— Supplied material —

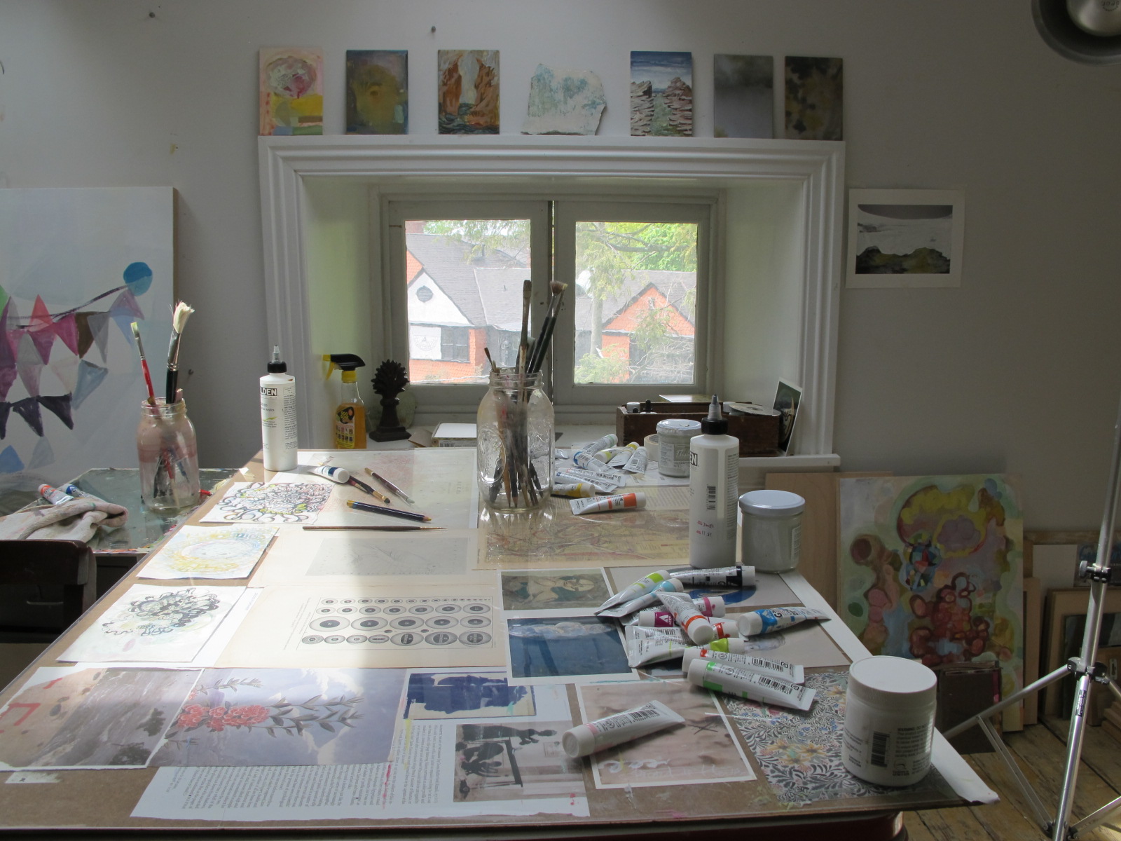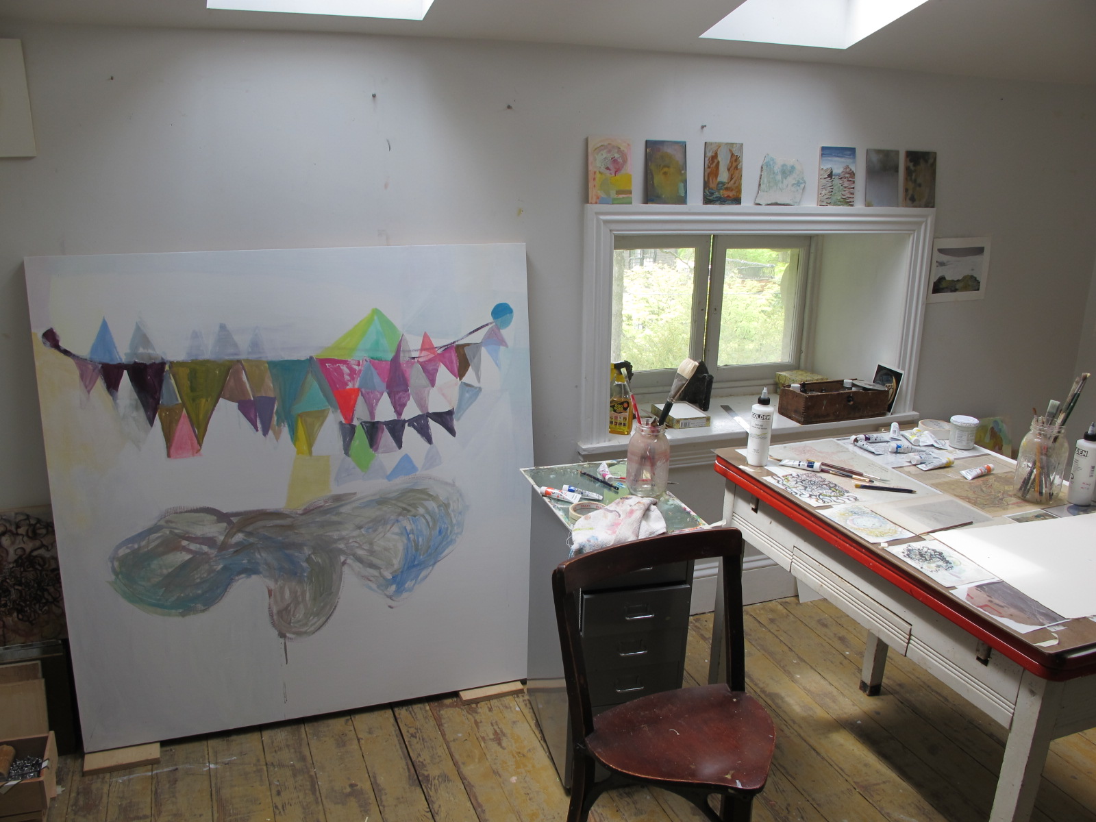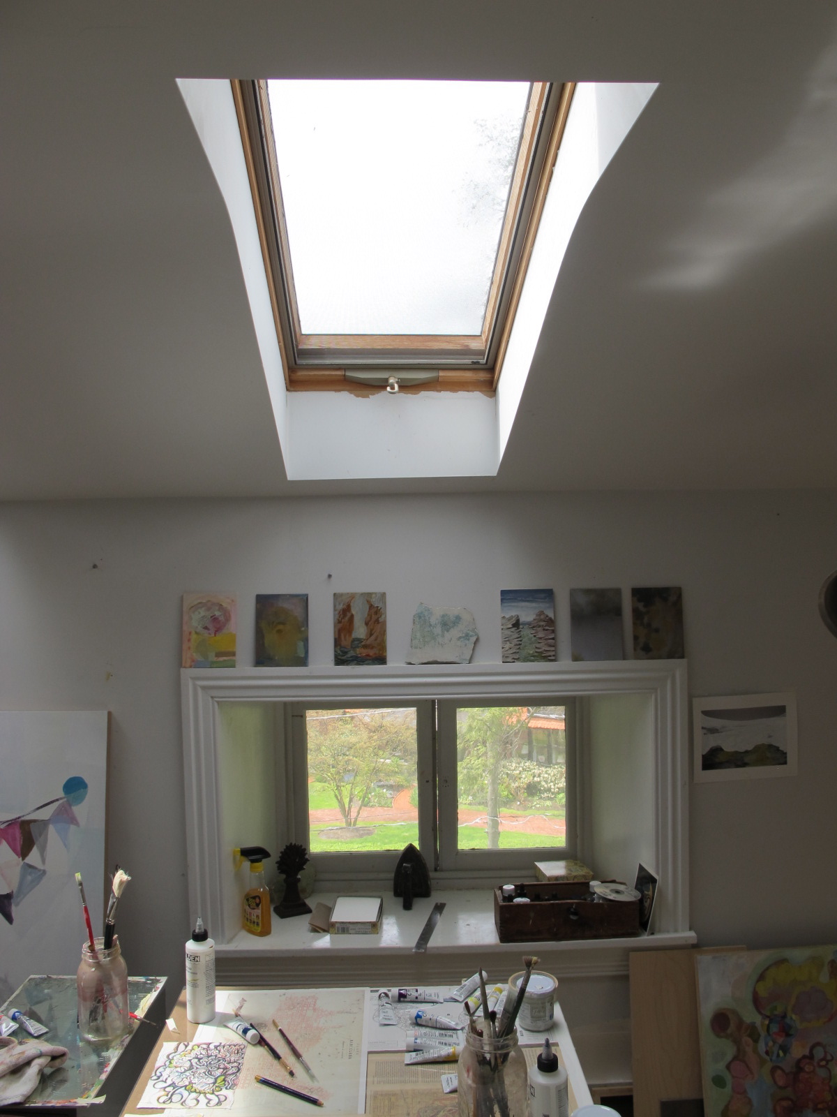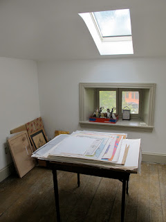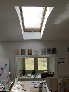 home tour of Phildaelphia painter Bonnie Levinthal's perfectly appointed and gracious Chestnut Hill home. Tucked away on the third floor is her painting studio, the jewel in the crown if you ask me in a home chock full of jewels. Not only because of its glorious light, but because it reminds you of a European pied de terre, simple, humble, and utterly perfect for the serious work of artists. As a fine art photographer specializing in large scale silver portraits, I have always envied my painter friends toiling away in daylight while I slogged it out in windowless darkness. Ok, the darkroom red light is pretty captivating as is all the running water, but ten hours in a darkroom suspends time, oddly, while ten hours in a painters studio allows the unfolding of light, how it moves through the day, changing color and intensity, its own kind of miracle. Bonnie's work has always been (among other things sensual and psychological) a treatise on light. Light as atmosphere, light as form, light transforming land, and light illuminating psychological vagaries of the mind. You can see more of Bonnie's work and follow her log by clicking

...

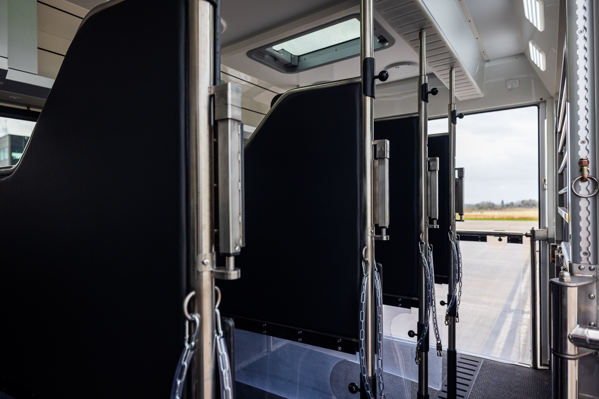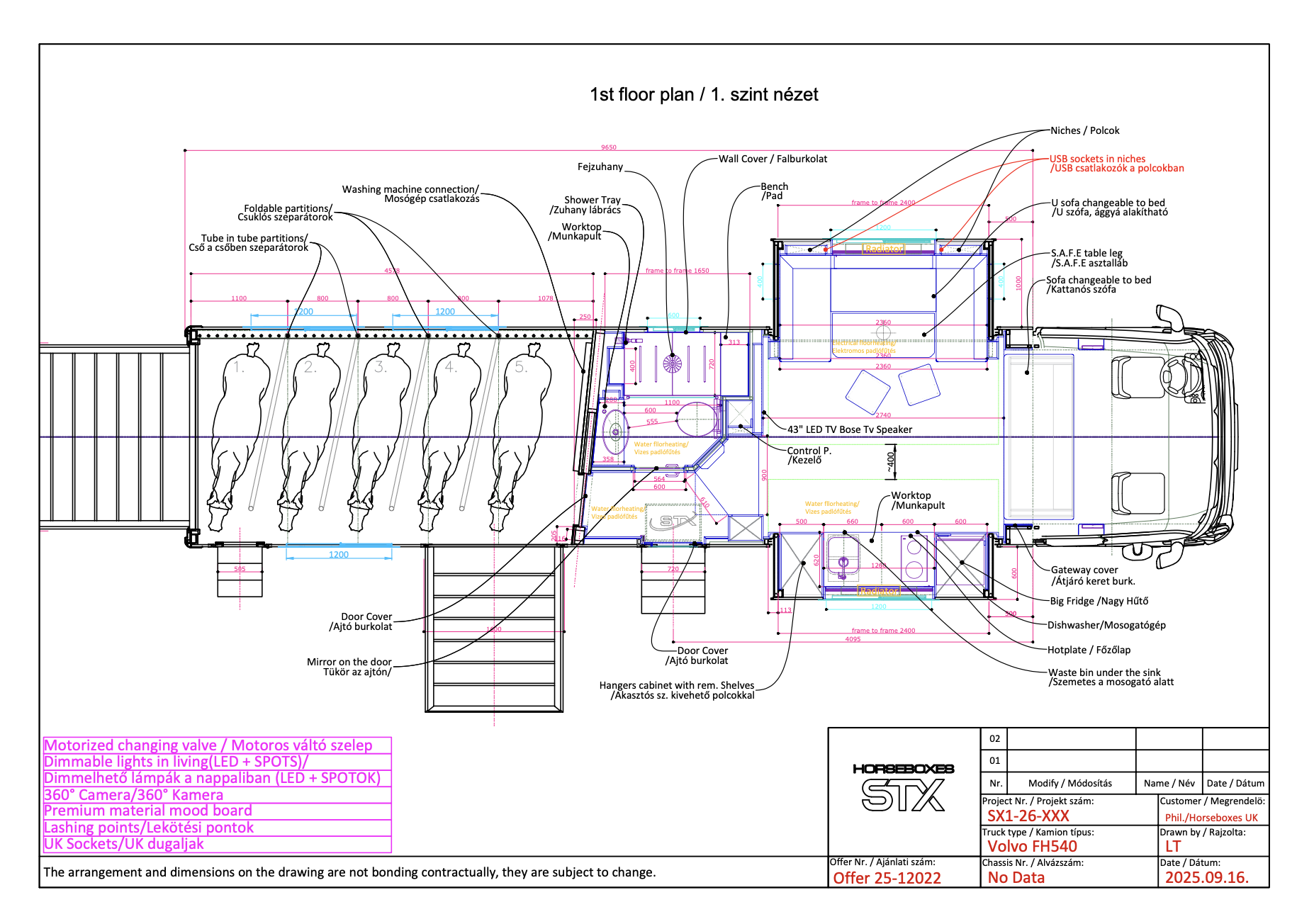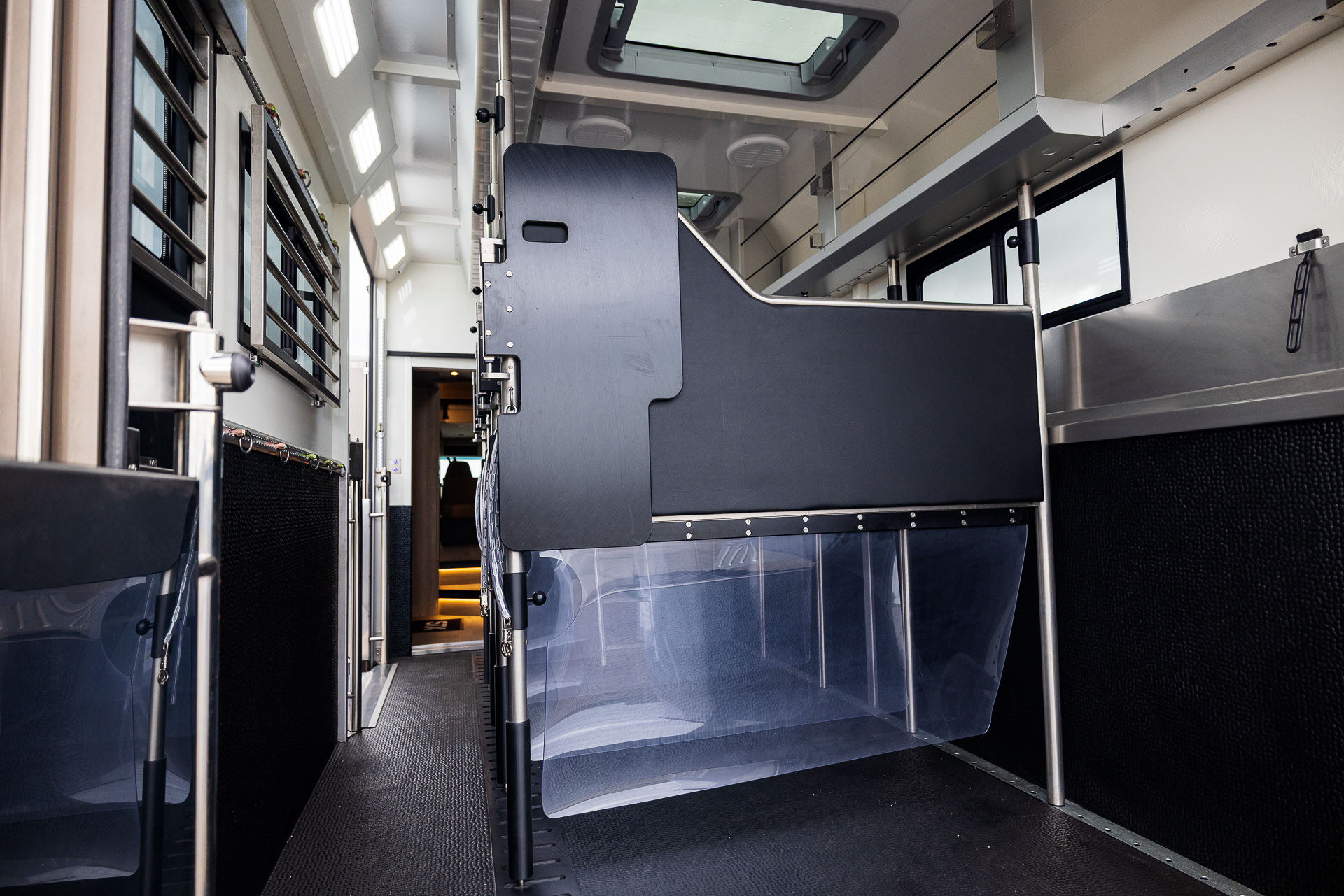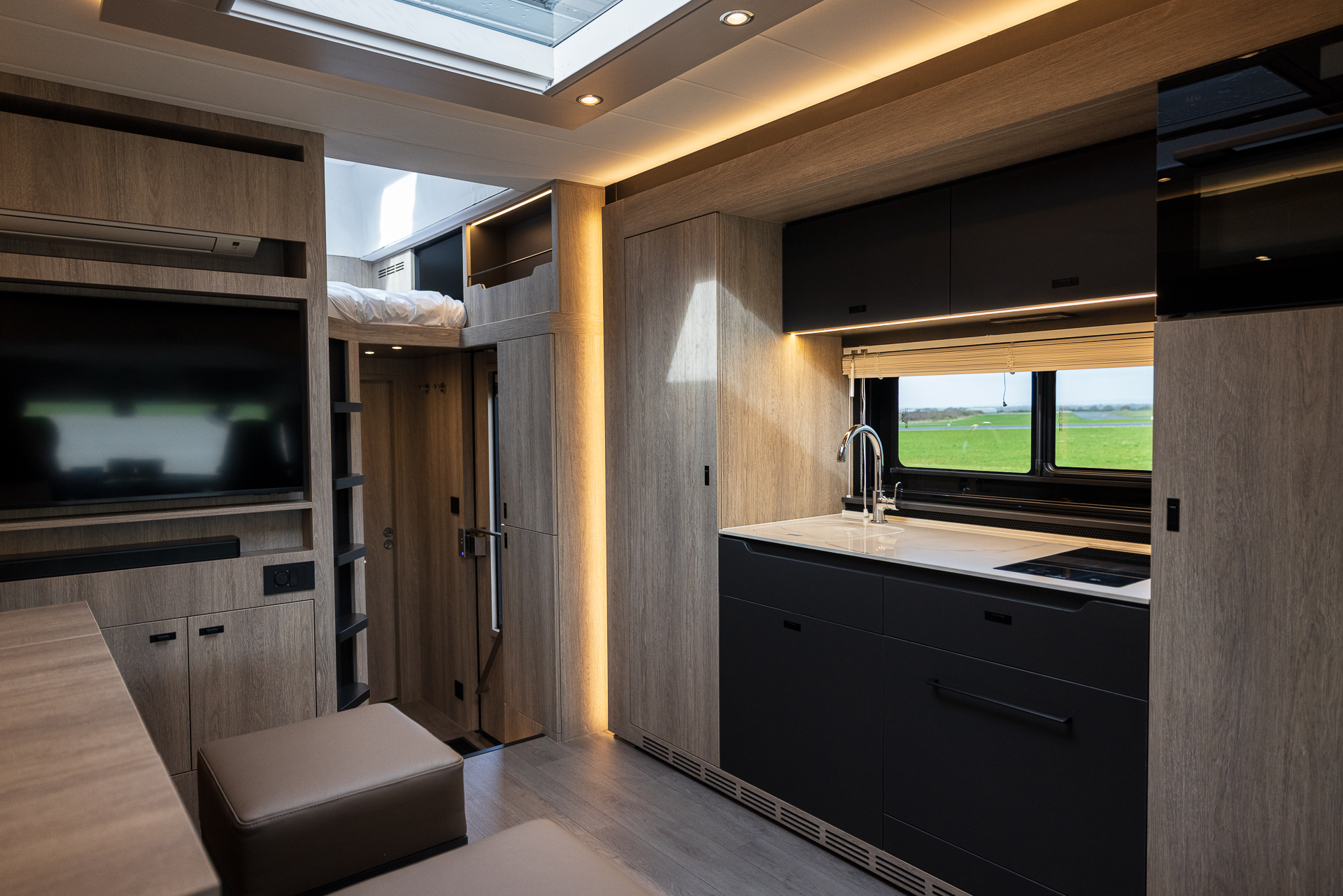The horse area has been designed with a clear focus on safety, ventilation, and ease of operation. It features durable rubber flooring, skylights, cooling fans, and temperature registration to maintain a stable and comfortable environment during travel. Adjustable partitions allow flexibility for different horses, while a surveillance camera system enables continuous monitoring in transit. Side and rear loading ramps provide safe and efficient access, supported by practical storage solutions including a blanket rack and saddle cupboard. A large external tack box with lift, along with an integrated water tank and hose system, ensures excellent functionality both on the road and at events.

* * *

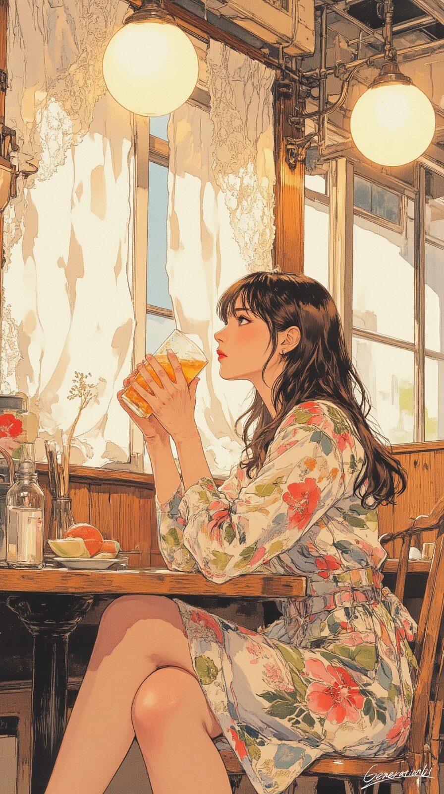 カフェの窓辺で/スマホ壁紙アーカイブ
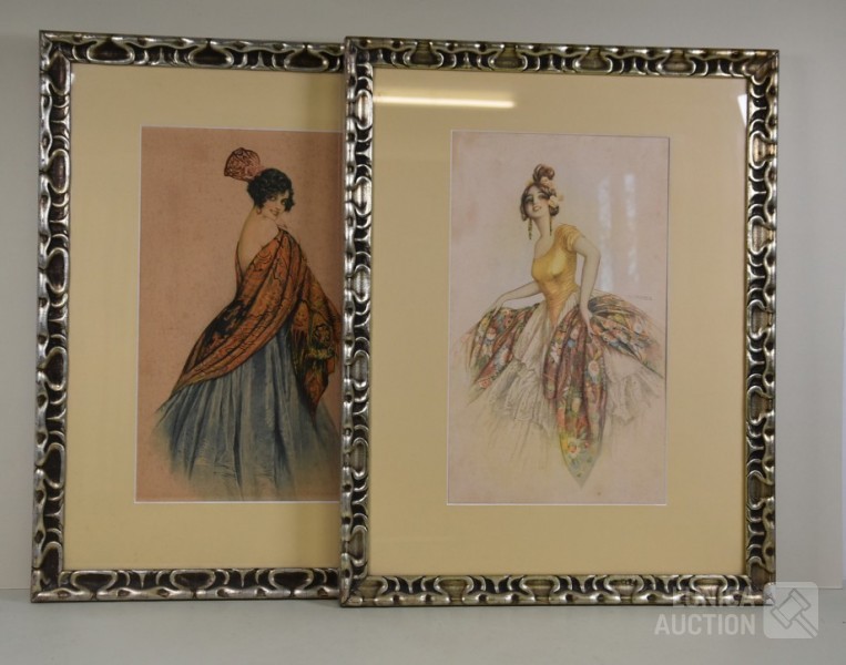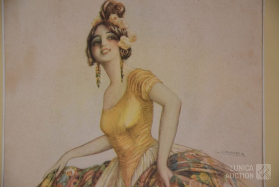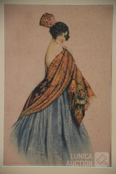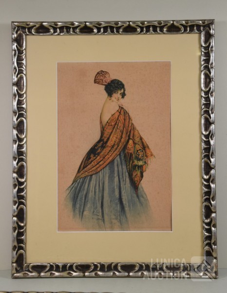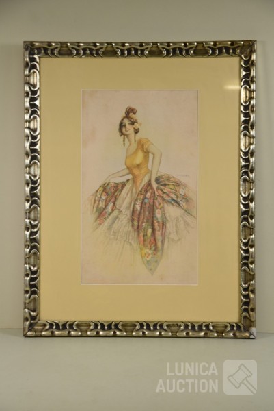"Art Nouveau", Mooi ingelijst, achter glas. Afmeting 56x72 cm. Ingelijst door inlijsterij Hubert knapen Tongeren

— Task requirements —
In the data above, start at the line holding "カフェの窓辺で/スマホ壁紙アーカイブ" and stop after the line holding "Hubert knapen Tongeren"; write out those lines exactly, without pictures.

— Result —
 カフェの窓辺で/スマホ壁紙アーカイブ
"Art Nouveau", Mooi ingelijst, achter glas. Afmeting 56x72 cm. Ingelijst door inlijsterij Hubert knapen Tongeren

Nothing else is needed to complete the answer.